On Friday, a fine day out to the Jet City! We woke to genuine snow here on the South Sound, then I made it up to Seattle for a WACDL CLE.
Not too bad, but a few of the sessions illustrated the Trial Lawyer's Paradox: being able to sway a jury doesn't automatically make you an effective or even interesting lecturer. The better presentations mixed visuals, anecdotes, and stats, like this one from the Pierce County Department of Assigned Counsel: in 2002, Pierce County (Tacoma) had the highest per capita consumption of lithium batteries in the world - due to a local abundance either of photographers or meth labs.
The best presentation was pushed to the last. I listened to a real public defender hero, Robert Schiffner of Moses Lake, Grant County, a small-town lawyer with enough backbone to take a leading role in exposing the public defense scandal in his own county.
(I also saw another great p.d. who passed on me once before, but we're cool now. The lesson I learned from that experience was, if you want to shine with a potential employer, it's better not to spend the night before the job interview getting stuck in the snow in the Cascades and spending a few hours trying to dig out, then hitchhiking to the top of the pass and sleeping about five hours there, then riding back to the scene in the morning in the first-available tow truck, extracting your vehicle, and hauling ass to your interview town. Even if you arrive with minutes to spare, you don't exactly arrive fresh or impressive.)
Another good thing about the CLE was this cool house down the street, where Seattle stores most of its library books and some of its pretensions of being a "world-class" city. I spent the lunch hour there navigating the place, being impressed and perplexed in turn, and I guess I'll have to check out S M L XL to learn whether the cheap-ass aspect of much of the $165 million building resulted from Koolhaas' post-modern assault on the privileging of quality materials and workmanship, or just from a lack of funds after the dot-com bust.
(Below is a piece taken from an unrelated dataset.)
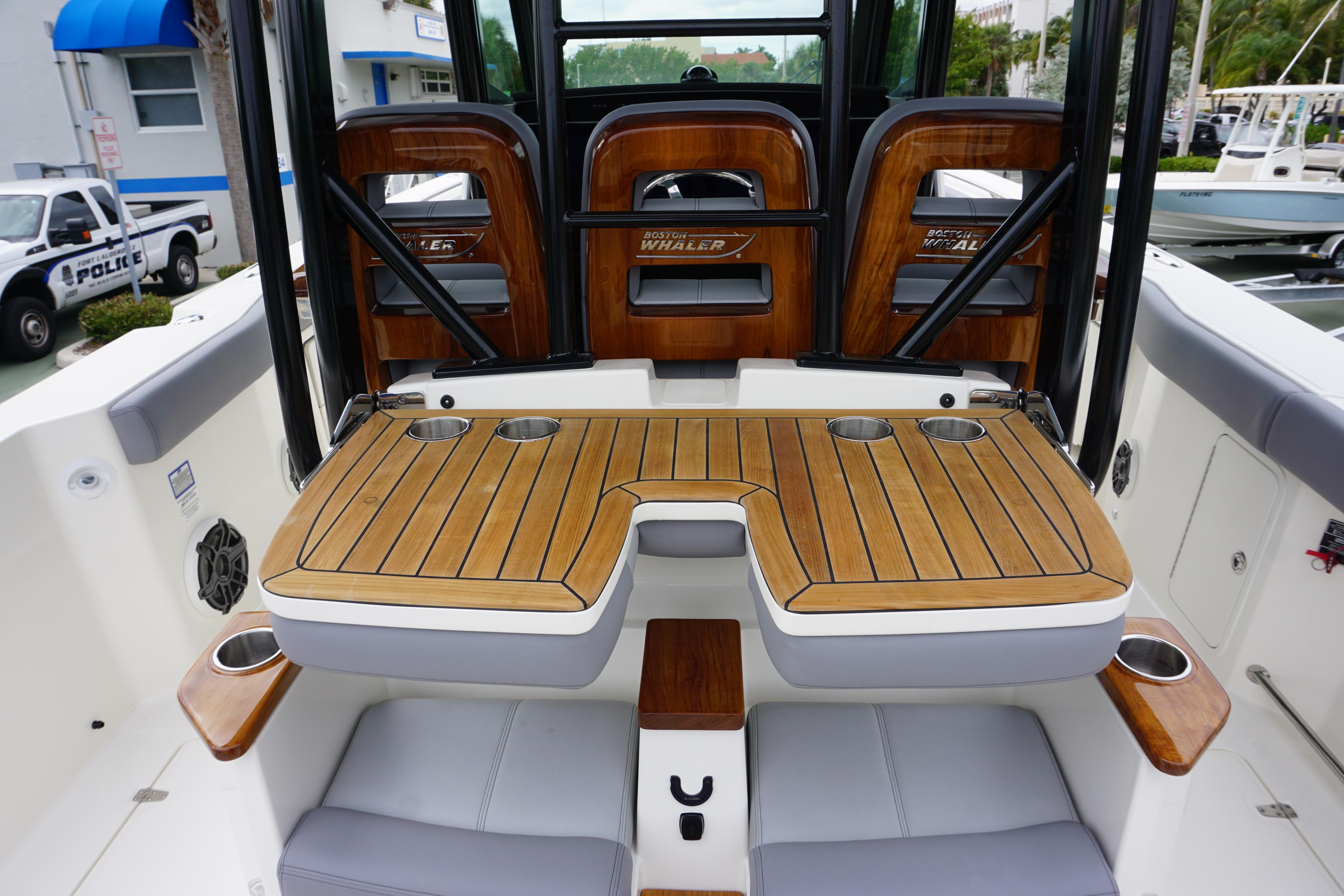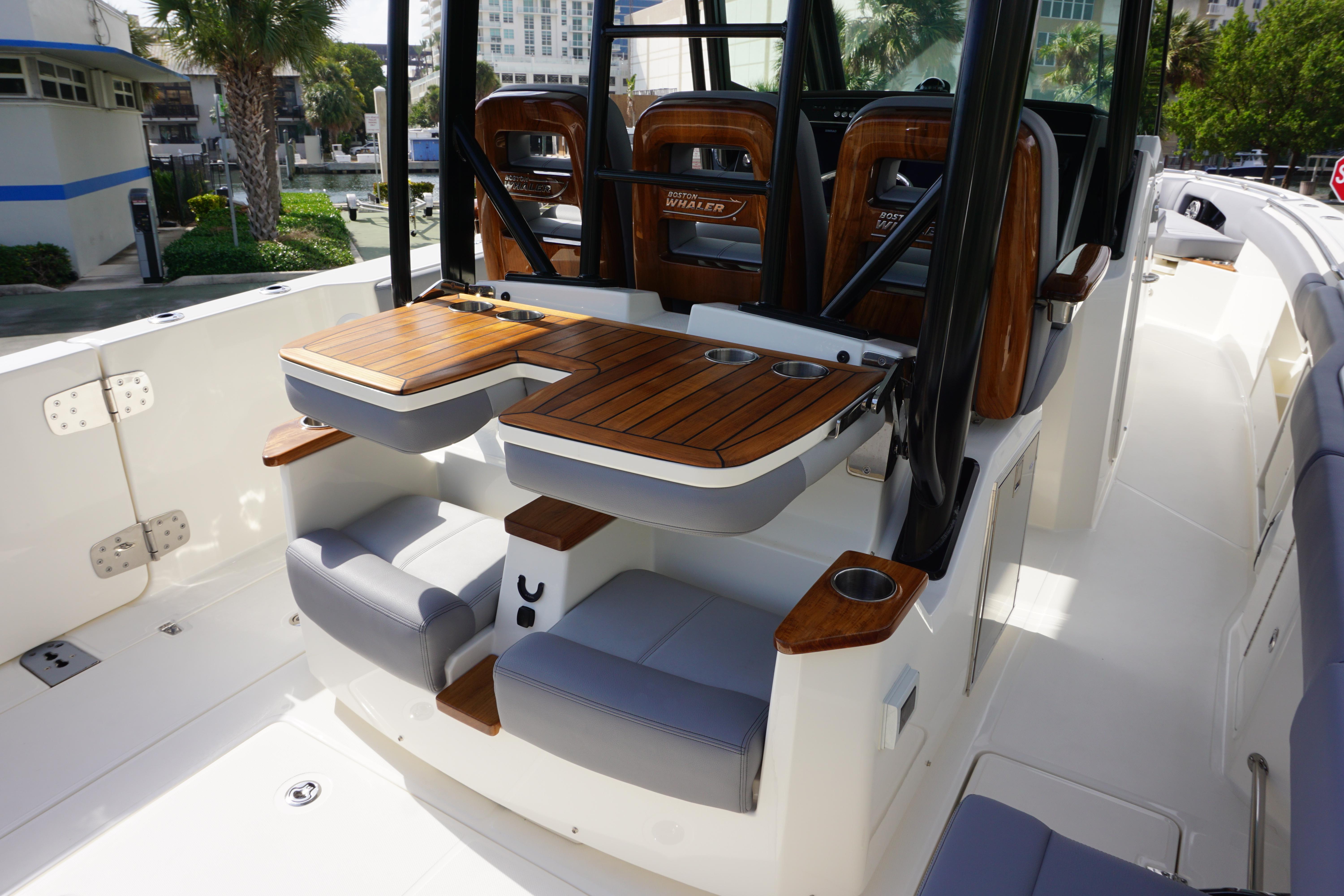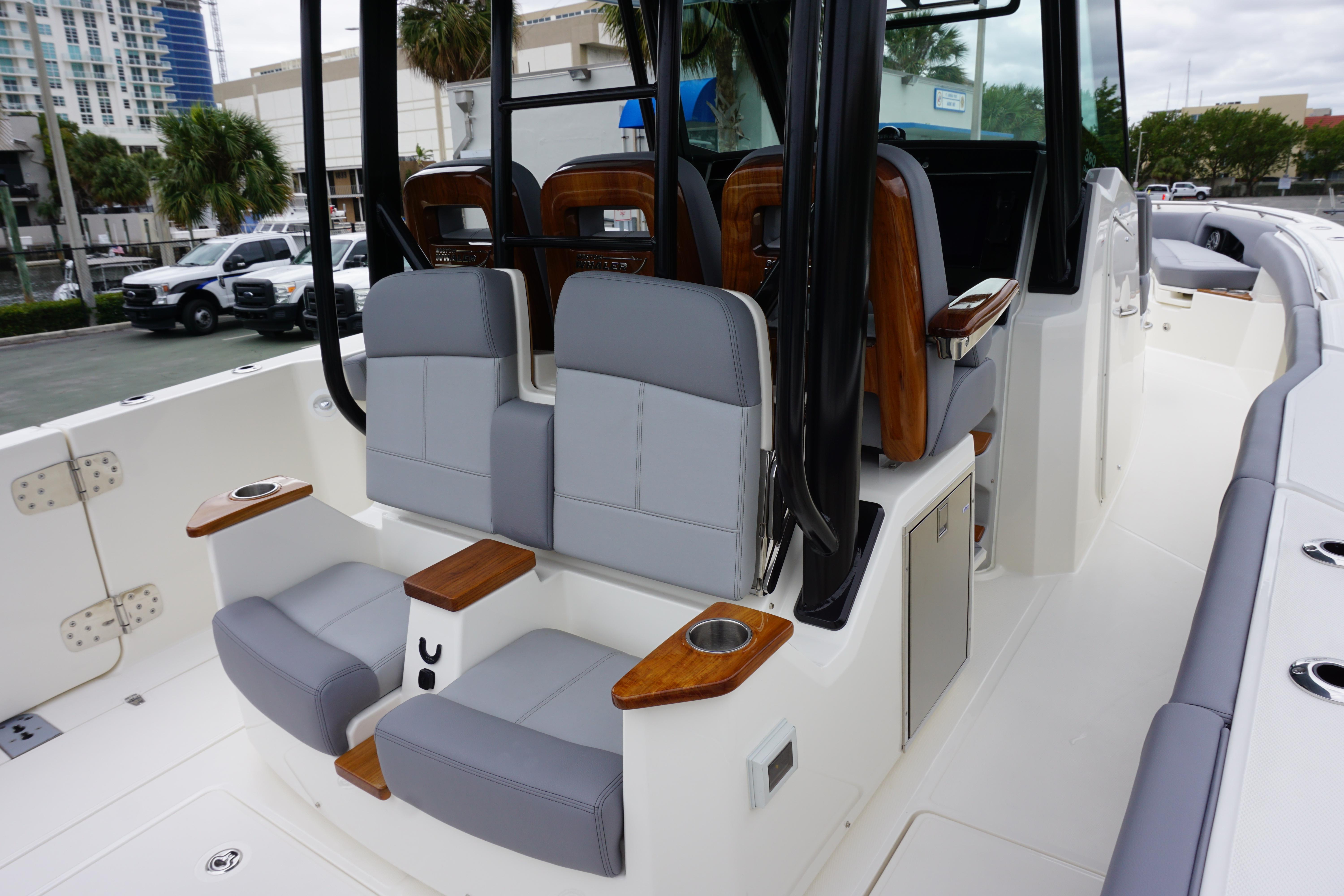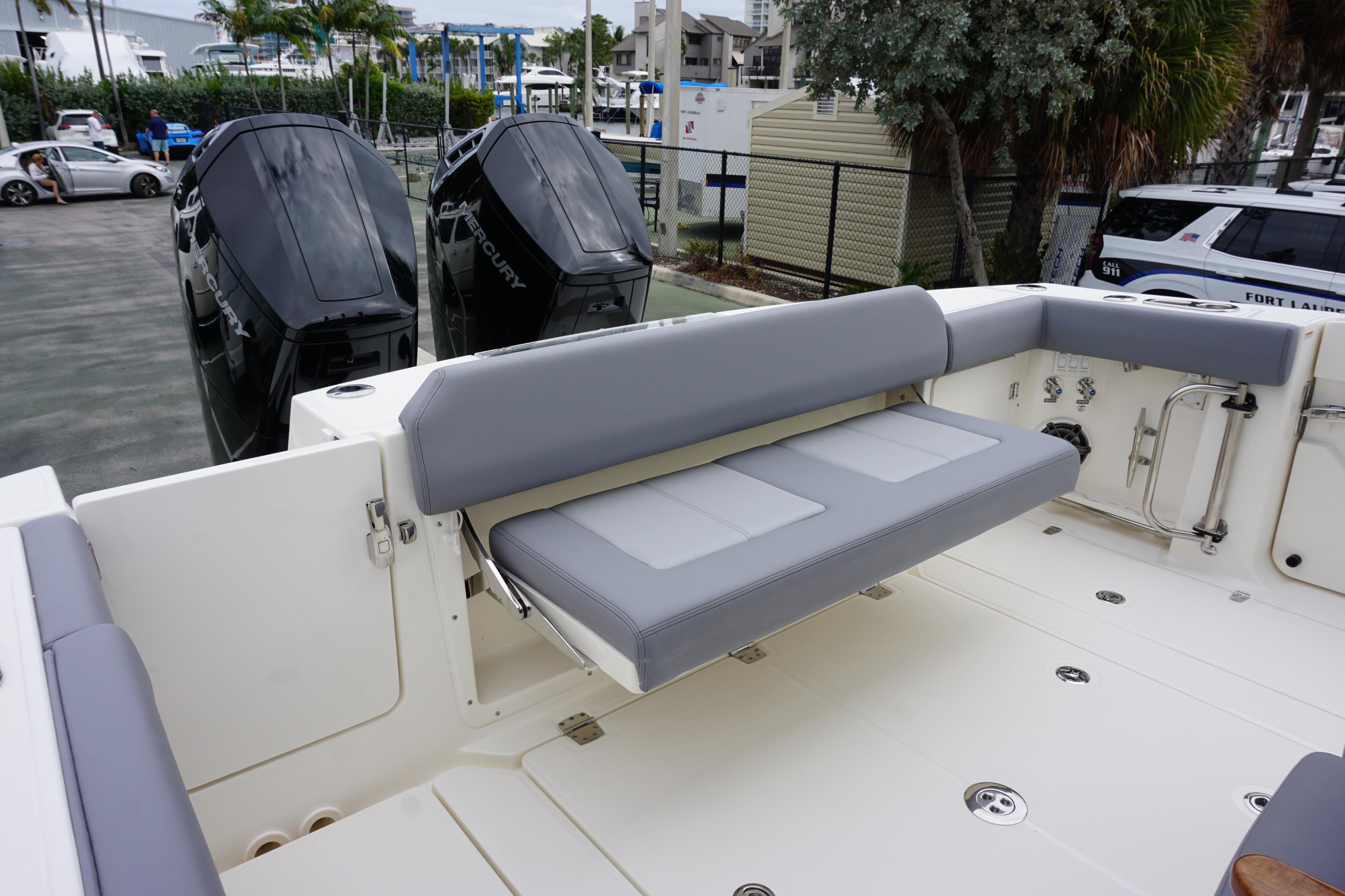 2024 Boston Whaler 360 Outrage with 600 V12 DTS Black Dual Mercury Fourstrokes w/JPO. BWCE0497I324. Notable options included:Steel Blue hull colorSteel Blue underside of hardtopSilver graphicsBlack hardtop frameBlack canvasSea (Gray) Exterior Upholstery PackageBow tow eyeSunshade at bowSunshade at Cockpit - retractableGenerator (120v)Gyro Stabilizer (SeaKeeper) Rails - black rub rail with stainless steel insertExterior teak detail packageTable - fiberglass bow tableTable - cockpit (fiberglass)Lighting - underwater LED (blue)12-V receptacles at transomRod storageConvenience packageRefrigerator/Freezer -Starboard pull-outOutriggers - Deluxe Hardtop MountedSeating - fold down trolling seats (2)Seating - cockpit fold-out bench seatVessel View MobileTheft Deterrent System w/ First Mate w/ConnectivityFirst mate Safety & Security System Dual engineTrim tabs - ManualSimrad Automatic IdentificationCamera - Cockpit Rear ViewFlir M-332 Thermal Night VisionCHIRP sonar with 3D Simrad S5100Sirius satellite weather and radioSimrad 19 NSO DisplaySimrad 19 NSO Additional DisplaySimrad Radar - Open Array (48")Canvas cover packageYacht tender packageLauderdale Marina is a full-service Intracoastal waterfront boat dealership and marina. We sell and service the complete line of Boston Whaler boats from 13 to 42 feet, and all sizes of Mercury and Yamaha outboard motors. Our 4 acre point lot also features the award-winning Fifteenth Street Fisheries restaurant, a 365-foot ethanol-free gas and diesel fuel dock with dock store and a Yamaha and Mercury outboard parts & accessories department. We have boat dockage up to 165 feet and are open 7 days a week. Since 1948.

Then from the high-brow delights of downtown Seattle to south King County and Winco! Every southern Idaho expatriate in the Puget Sound needs to make a pilgrimage here! Friday night in the Winco in Kent combined highlights of Idaho and Western Washington: Falls Brand meats, bulk food bins and white guys with garments visible under their shirts sharing the polyglot camaraderie of working-class Seattle. I loved it.
I know, I know, it's not a union shop, but it's closer in spirit and practice to Costco than to Walmart. Thinking of Winco's ESOP eases my mind as I feast on made-in-Idaho Basque chorizos and reflect on my continuing education, legal and otherwise.